On peut penser que cet acte entérine l'accord entre Raoul et le comte du Velay ; ce dernier perd, en l'occurrence, tout pouvoir sur la cité même du Puy et est ainsi dépouillé d'une part importante du comitatus du Velay ; par contre, il obtient sans doute la garantie de ne plus être poursuivi.
R. Poupardin a noté l'intérêt de ce diplôme : « l'acte est très curieux au point de vue de la formation du pouvoir temporel des évêques, car il a pour objet la concession à l'évêque non pas seulement de l'un des droits ordinairement réservés au comte, mais de l'ensemble de ces droits pour une portion déterminée de la circonscription ecclésiastique. Les concessions de ce genre... ne sont pas très fréquentes en France... ».

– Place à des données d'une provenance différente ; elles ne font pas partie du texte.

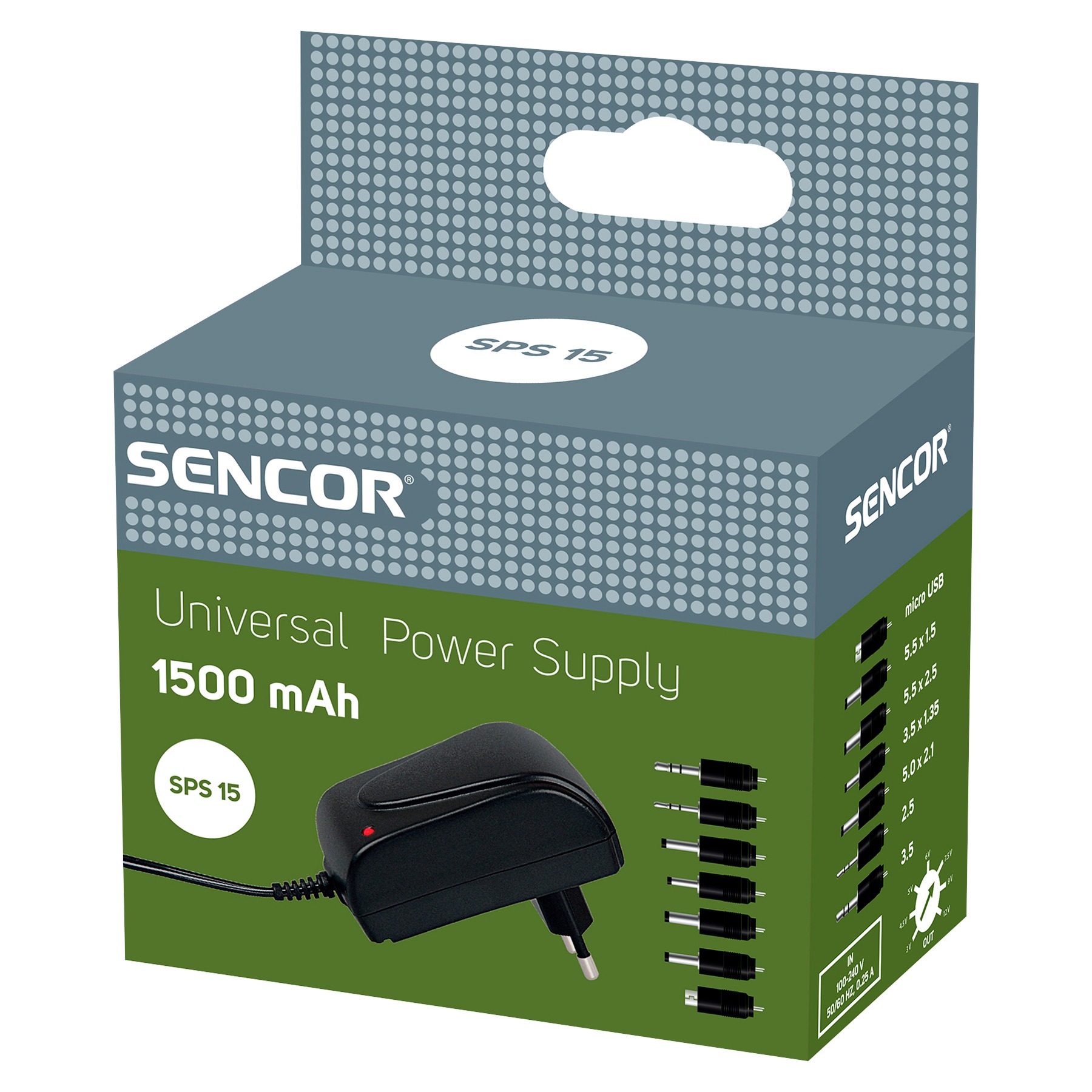 Univerzalna jedinica za napajanje Sencor SPS 15 savršena je za svakoga tko treba stabilno i fleksibilno napajanje za male elektroničke uređaje.

L'acte de Raoul fut confirmé le 8 mars 955 par un diplôme de Lothaire, précisant que Raoul avait fait cette concession à la prière d'Avoie (Haduidis), femme d'Hugues le Grand.

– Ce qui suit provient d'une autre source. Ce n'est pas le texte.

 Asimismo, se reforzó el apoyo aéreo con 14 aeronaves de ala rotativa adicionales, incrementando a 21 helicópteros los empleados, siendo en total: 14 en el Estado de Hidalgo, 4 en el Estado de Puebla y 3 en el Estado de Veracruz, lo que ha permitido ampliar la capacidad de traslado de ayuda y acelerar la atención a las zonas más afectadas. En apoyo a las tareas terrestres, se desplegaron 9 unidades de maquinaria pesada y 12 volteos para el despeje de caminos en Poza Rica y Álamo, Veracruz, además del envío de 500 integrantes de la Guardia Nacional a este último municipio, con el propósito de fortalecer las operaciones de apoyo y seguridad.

Texte établi d'après B et a.
In nomine Domini Dei ac Salvatoris nostri Ihesu Christi. Rodulfus, divina ordinante providentia rex. Si petitionibus servorum Dei pro quibuslibet ecclesiasticis necessitatibus aurem serenitatis nostrae libenter accomodamus, id nobis et ad vitam mortalem temporaliter deducendam et ad aeternam feliciter obtinendam profuturum liquido credimus. Idcirco notum fore volumus cunctis fidelibus sanctae Dei Ecclesiae et nostris, praesentibus scilicet ac futuris, qualiter veniens Adelardus, episcopus ecclesiae Aniciensis seu Vallavensis, expetierit celsitudinem nostram, ut ecclesiam, cui, Deo ordinante, praesul esse dignoscitur, de rebus juris nostri accrescere sub nostrae praeceptionis authoritate dignaremur. Cujus petitioni benignum praebentes assensum, regium morem servantes, hoc praeceptum immunitatis fieri jussimus, concedentes ei omnibusque successoribus omnem burgum ipsi ecclesiae adjacentem, et universa quae ibidem ad dominationem et potestatem comitis hactenus pertinuisse visa sunt, forum scilicet, theloneum, monetam et omnem districtum, cum terris et mansionibus ipsius burgi. Et ita deinceps haec nostri praecepti authoritas, quem pro remedio animae nostrae, consentiente fideli nostro Guillelmo comite pro remedio animae Guillelmi avunculi sui atque omnium parentum suorum, Dei genitricis et perpetuae Virginis ecclesiae praedicto pontifici commissae concedimus, firmiter et inviolabiliter deinceps conservetur, ut nullus comes aut judex publicus aut aliqua saecularis potestas ibi audeat aliquam exactionem facere, neque mansionaticas aut pactiones aut aliquas redhibitiones exigere sine voluntate aut permissione episcopi qui ipsam tenuerit ecclesiam, sed omnia in potestatem episcopi redigantur, et ipse omnia, prout sibi recte placuerit, ordinet, teneat atque possideat. Ut autem haec authoritas firmior habeatur et a fidelibus sanctae Dei Ecclesiae futuris temporibus diligentius conserventur (sic), de annulo nostro subter jussimus sigillari.
Signum Rodulfi (Monogramma) regis gloriosi.
Urbaldus abbas ad vicem Ragenardi cancellarii recensuit.
Datum V idus aprilis, indictione X, anno primo regnante Rodulfo rege gloriosissimo. Actum Cabillone civitate. In Dei nomine feliciter. Amen.